Hello @puyt, Thank you @shilman,

It is indeed a known limitation of vue-docgen-api. The library does not resolve variables in props. Since it is a static analyzer of the code, not its runtime, it often can't guess what variables will contain.

Though, @puyt you make me think of a scenario where it would make sense to have the props as a separate object. Tell me if you have another scenario where it would be necessary.

Here it is:

Button.vue has 3 props color, size and variant. We then make an ActionButton.vue, who encapsulates the button and keeps all it's props using v-bind. The props validations now have to be defined at 2 levels, and copied and pasted.

It would be better to have them defined once and imported.

This sounds feasible but not easy.

For reference here are other issues related to resolving non-explicit prop types: https://github.com/vue-styleguidist/vue-styleguidist/issues/923 https://github.com/vue-styleguidist/vue-styleguidist/issues/881

shilman commented 4 years ago

Thanks for clarifying @elevatebart! Static analysis is a beast--you're really doing the Lord's work. I'm fine to say it's a limitation of Storybook right now.

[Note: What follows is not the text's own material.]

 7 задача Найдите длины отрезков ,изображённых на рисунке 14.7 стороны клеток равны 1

@puyt in 6.0 it's possible to specify types by hand if needed as a workaround: https://github.com/storybookjs/storybook/blob/next/addons/controls/README.md#my-controls-arent-being-auto-generated-what-should-i-do

puyt commented 4 years ago

Button.vue has 3 props color, size and variant. We then make an ActionButton.vue, who encapsulates the button and keeps all it's props using v-bind. The props validations now have to be defined at 2 levels, and copied and pasted.

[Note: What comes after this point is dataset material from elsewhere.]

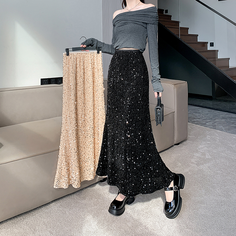 RM32213#新款气质亮片长裙女春季高腰设计感小众时尚半身裙垂感鱼尾裙

@elevatebart This is actually the way we implemented Button.vue but with a few more props and we're creating multiple variants which are frequently used to prevent other developers from using a different color, icon, label, rounded,... for those cases.

So we have variants such as AddButton, DeleteButton, EditButton,... We could have used something to variant but there would be too many if else code or computed values inside the button to handle the styling that's why we moved the props to different object and merge that object with the props with the settings for a specific button. This way the props and default values are always in that other object instead of v-binding it every new variant.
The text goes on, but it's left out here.